You lose me here - I don't agree with "usually". I guess you're thinking of examples where you are sampling from a population and estimating features of that population. There's nothing wrong with that, but that is a much smaller domain than curve fitting in general.

If you give me a set of x and y, I can fit a parametric curve that tries to minimises the average squared distance between fit and observed values of y without making any assumptions whatsoever. This is a purely mechanical, non-stochastic procedure.

For example, if you give me the points {(0,0), (1,1), (2,4), (3,9)} and the curve y = a x^b, then I'm going to fit a=1, b=2, and I certainly don't need to assume anything about the data generating process to do so. However there is no concept of a confidence interval in this example - the estimates are the estimates, the residual error is 0, and that is pretty much all that can be said.

If you go further and tell me that each of these pairs (x,y) is randomly sampled, or maybe the x is fixed and the y is sampled, then I can do more. But that is often not the case.

New comment by indeed30 in "Show HN: An easy-to-use online curve fitting tool"

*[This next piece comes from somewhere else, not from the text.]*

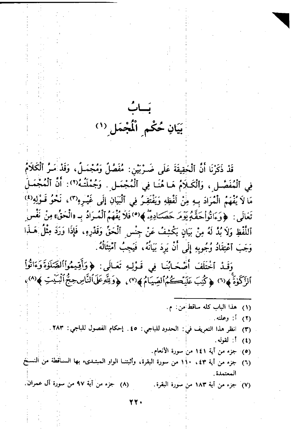 بَيَانِ حُكْمِ الْمُجْمَلِ (١)

indeed30 — Fri, 14 Nov 2025 13:13:29 +0000

I don’t think you can do anything sensible here without making much stronger modelling assumptions. A vanilla non-parametric bootstrap is only valid under a very specific generative story: IID sampling from a population. Many (most?) curve-fitting problems won't satisfy that.

For example, suppose you measure the decay of a radioactive source at fixed times t = 0,1,2,... and fit y = A e^{-kt}. The only randomness is small measurement error with, say, SD = 0.5. The bootstrap sees the huge spread in the y-values that comes from the deterministic decay curve itself, not from noise. It interprets that structural variation as sampling variability and you end up with absurdly wide bootstrap confidence intervals that have nothing to do with the actual uncertainty in the experiment.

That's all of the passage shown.